● Your goal
Copy exactly the stretch of lines from the one holding "循环B,将B中值作为a的下标,对应位置标记为true,例如" through the last line of the data below, inclusive. Leave out pictures.

● Collected data
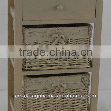 WILLOW/WOODEN CABINET W/1 WOODEN DRAWER & 2 WILLOW STORAGES
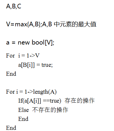 循环B,将B中值作为a的下标,对应位置标记为true,例如
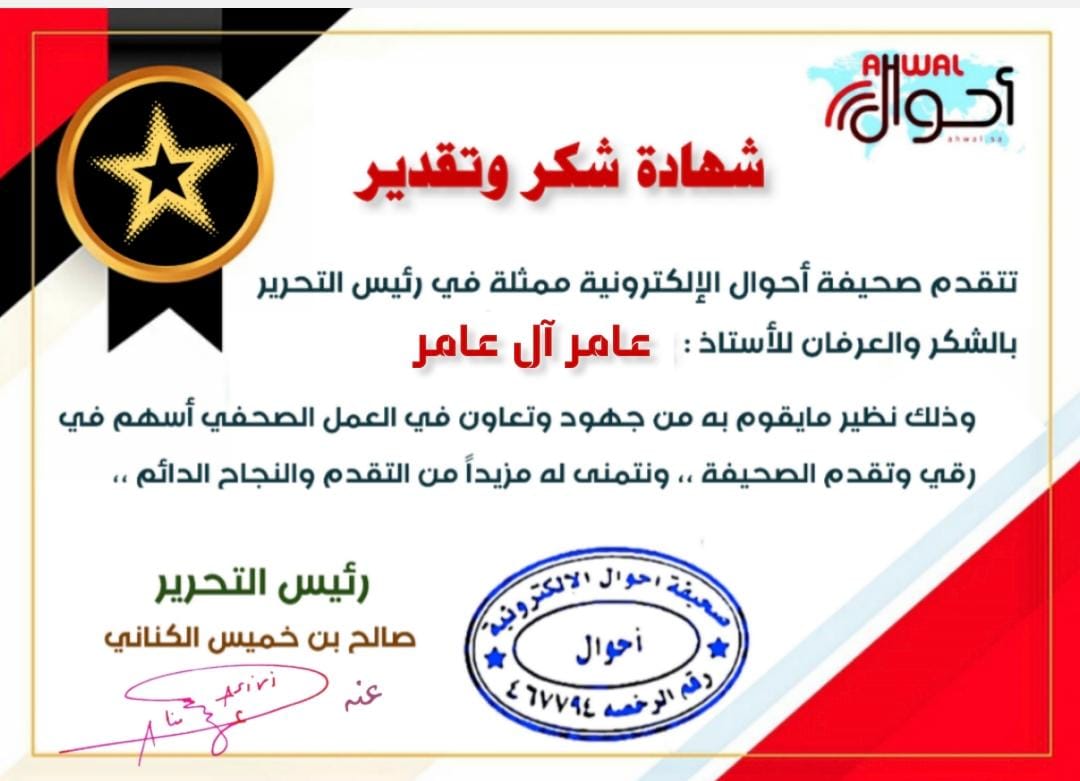 كرمت صحيفة أحوال الإلكترونية الإعلامي عامر آل عامر وذلك نظير مجهوداته وتميزه في تغطية المناسبات وعمله المتميز في مجال التحرير مما أسهم في تقدم ورقي الصحيفة.

● Solution to the exercise
 循环B,将B中值作为a的下标,对应位置标记为true,例如
 كرمت صحيفة أحوال الإلكترونية الإعلامي عامر آل عامر وذلك نظير مجهوداته وتميزه في تغطية المناسبات وعمله المتميز في مجال التحرير مما أسهم في تقدم ورقي الصحيفة.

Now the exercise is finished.